Personal information
- Full name: José Daniel Van Tuyne
- Date of birth: 13 December 1954 (age 71)
- Place of birth: Rosario, Argentina
- Position: Defender

Senior career*
- Years: Team / Apps / (Gls)
- 1974–1979: Rosario Central / 159 / (1)
- 1980: Talleres de Córdoba / 43 / (2)
- 1981–1982: Racing Club / 37 / (2)
- 1982–1987: Millonarios / 106 / (5)
- Total:  / 345 / (10)

International career
- 1979–1982: Argentina / 11 / (0)

= José Van Tuyne =

Argentine footballer

José Daniel Van Tuyne (born 13 December 1954 in Rosario) is an Argentine former footballer who played as a defender.

==Club career==
Van Tuyne started his career with Rosario Central in 1974. He joined Talleres de Córdoba in 1980 and then Racing Club in 1981.

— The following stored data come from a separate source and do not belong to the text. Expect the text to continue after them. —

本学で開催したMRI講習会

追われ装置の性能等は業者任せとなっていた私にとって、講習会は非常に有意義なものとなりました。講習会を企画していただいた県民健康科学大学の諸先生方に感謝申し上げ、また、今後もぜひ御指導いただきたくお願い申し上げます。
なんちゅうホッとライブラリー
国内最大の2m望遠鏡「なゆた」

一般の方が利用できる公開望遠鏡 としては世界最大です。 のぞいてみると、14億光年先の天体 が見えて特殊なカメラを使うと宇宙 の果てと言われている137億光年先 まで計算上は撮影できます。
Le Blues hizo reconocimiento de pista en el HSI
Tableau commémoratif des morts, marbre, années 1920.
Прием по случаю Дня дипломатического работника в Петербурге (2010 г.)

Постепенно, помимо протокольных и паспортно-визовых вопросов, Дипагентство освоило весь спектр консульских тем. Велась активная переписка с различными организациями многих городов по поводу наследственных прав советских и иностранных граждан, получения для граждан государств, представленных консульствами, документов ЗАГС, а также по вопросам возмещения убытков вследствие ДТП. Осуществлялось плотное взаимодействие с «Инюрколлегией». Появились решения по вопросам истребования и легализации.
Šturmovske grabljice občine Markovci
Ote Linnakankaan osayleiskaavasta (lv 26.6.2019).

In 1982 Van Tuyne left Argentine football to play for Millonarios in Colombia. Van Tuyne's ancestors were Belgian immigrants, hence the unusual surname. Other famous Argentinian footballers like Fernando Paternoster and Rafael Albrecht also had Belgian roots.

==International career==
Van Tuyne was included in the Argentina squad for the Copa América 1979 and the 1982 FIFA World Cup.